Не знаю, кто из нас больший идиот. Мне казалось очевидным, что это я влюблен, как мальчишка, а он просто позволяет себя любить. Казалось очевидным, что для него это какой-то временный эксперимент — ровно до тех пор, пока он живет в Америке и не закончится этот контракт на строительство. Чужая страна, необычный опыт, почему бы собственно и нет?.. 
Проклятый замкнутый и благовоспитанный Дэн Уильямс, я не умею читать мысли.
 — Ты никогда, — кладу билет обратно на камин, — не давал мне понять, что я для тебя что-то значу.
 — Сейчас даю, — отвечает он. — Значишь. И надеюсь, ты простишь мне мои сомнения и страхи.
 Я оглушен.

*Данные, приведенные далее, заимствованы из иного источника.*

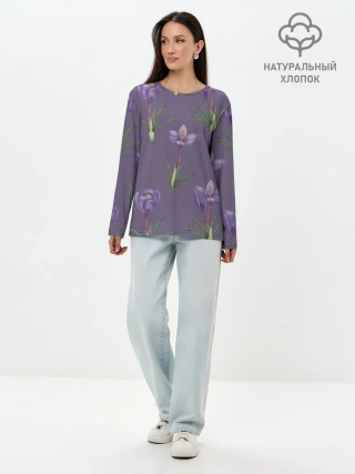 Лонгслив женский. Хлопок / Цветы шафрана на фиолетовом

Трудно переварить, что за пару минут из робкого просителя, согласного на пару минут внимания, чтобы просто побыть с ним рядом, я вдруг превратился в кого-то очень для него значимого. 
Стою, опираясь рукой о каминную полку, и рассеянно гляжу на слабо горящий огонь.
 — Бо, не молчи, — негромко говорит он. И добавляет с каким-то отчаянием: — Мне ведь не послышалось? Ты сказал, что сходил с ума? Ты правда это сказал?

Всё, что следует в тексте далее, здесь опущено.